Еще зимой вся группа знала, что сразу после выпускного вечера комиссар уйдет с друзьями в поход на байдарках по сибирским рекам. Это была его давняя мечта, но за три прошедшие года он так и не смог осуществить ее. Зимой и летом пестовал своих «красавцев», не решаясь доверить их другому мастеру даже на короткое отпускное время. «Вот ужо выпущу вас в люди, тогда и двинусь с легким сердцем», — говорил он.
После выпускного вечера прошла неделя, а Ваня все не мог попасть в училище. Дни были заполнены походами в военкомат, медкомиссиями, разговорами с матерью, приехавшей на эти дни из Москвы, и Настей… Главное, конечно, Настей. Его Аленушкой. «Ладно, — в конце концов решил он, устав терзаться, — если не застану — напишу из армии. Виктор Львович — человек, он поймет».
Но судьба оказалась милостивой к новобранцу. В последний день его гражданской жизни Настю неожиданно задержала дома мать. Почти на три часа. Ваня сначала огорчился, а затем сообразил: ведь это именно тот самый случай, в котором проявляется необходимость, — и помчался в училище.

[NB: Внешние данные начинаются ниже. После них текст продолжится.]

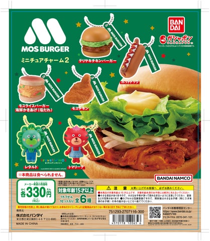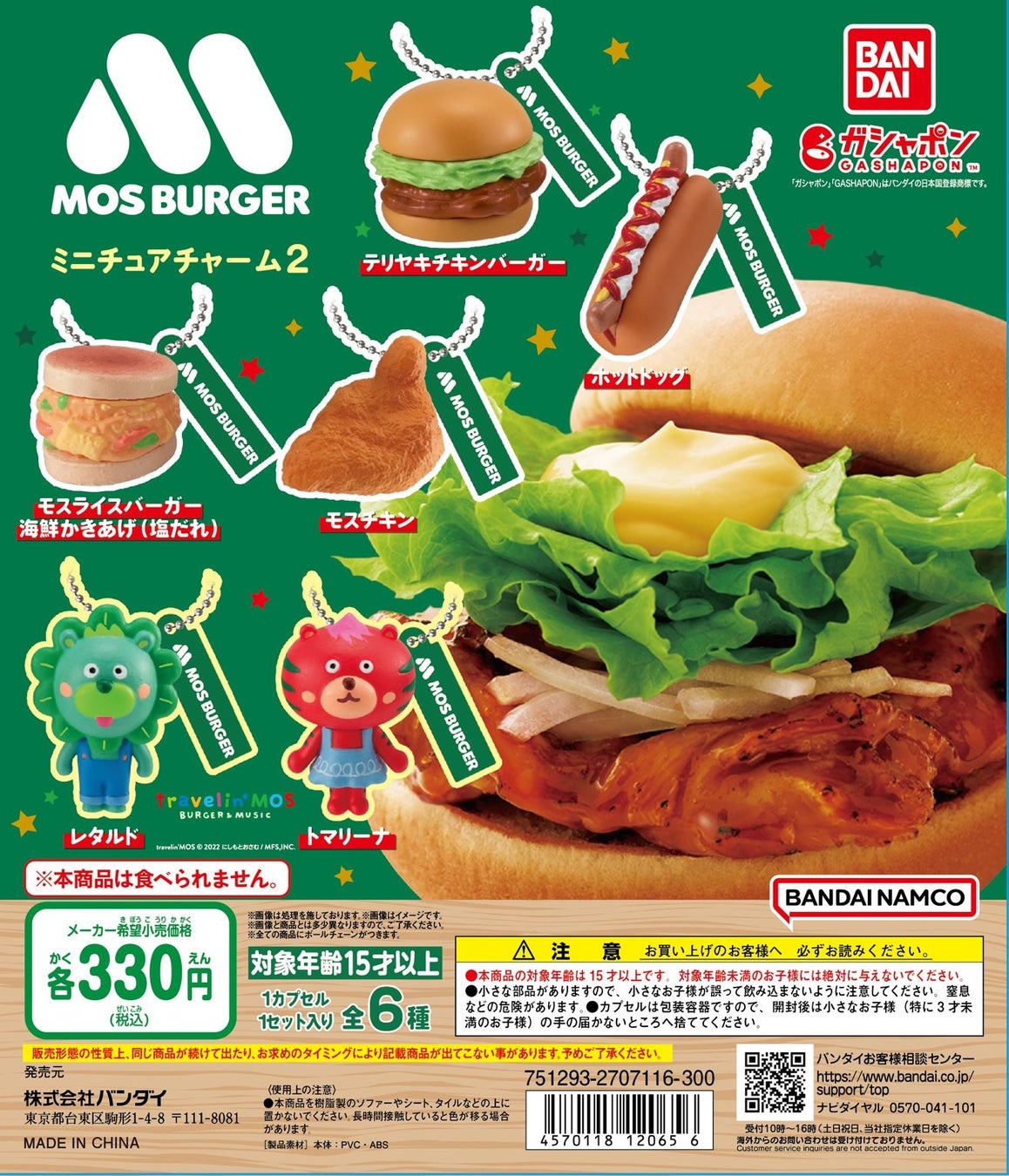 - バンダイのカプセルトイ「ガシャポン?」が、モスバーガーのメニューやキャラクターをミニチュアチャームとして登場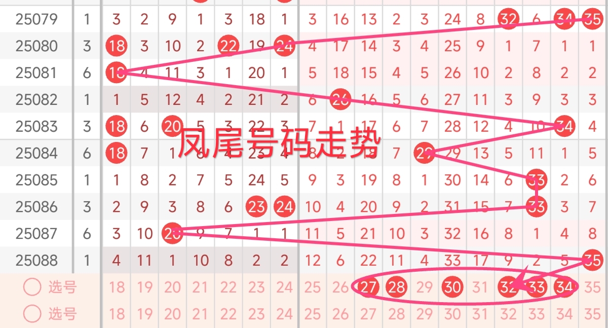 上期凤尾号码为35,振幅上升了15点,开出奇数号码。从近期凤尾号码的走势来看,近期凤尾号码波动较大。上期凤尾号码为35,处于红三区最大号码。上期凤尾号码上升幅度较大,本期出号可能呈下降趋势,预计凤尾号码可能在26 - 34之间。本期还需注意连续多期漏出的号码,需重点关注,有回补凤尾号码的趋势 。综合考虑,本期凤尾号码可以重点关注27、28、30、32、33、34。

Трехэтажный особняк петербургской постройки стоял в конце Шестой линии Васильевского острова, и из его окон была видна Нева. За время Ваниной учебы училище дважды ремонтировали, но цвет стен и весь антураж оставался неизменным. Директор училища свято верил, что постоянство цвета и обстановки создают в сердцах и памяти учеников незабываемый образ родного училища.
Прежде Ваня не раз посмеивался над причудой директора, а сейчас вдруг понял, как дорога ему эта узнаваемость: белые прямоугольники окон на кофейно-молочном фоне стен, строгий античный орнамент на фронтоне, кремовые прозрачные занавеси, зеленые бороды традесканций… Даже старательно отделанная под дуб парадная дверь и синяя стеклянная вывеска вызвали в душе теплоту и некоторое волнение. Там, за этой дверью, прошли три года его жизни. Самые трудные годы за все его восемнадцать лет. И пожалуй, самые счастливые. Там, за этой дверью, был сейчас его мастер. Был и будет всегда. Во всяком случае Ваня хотел в это верить.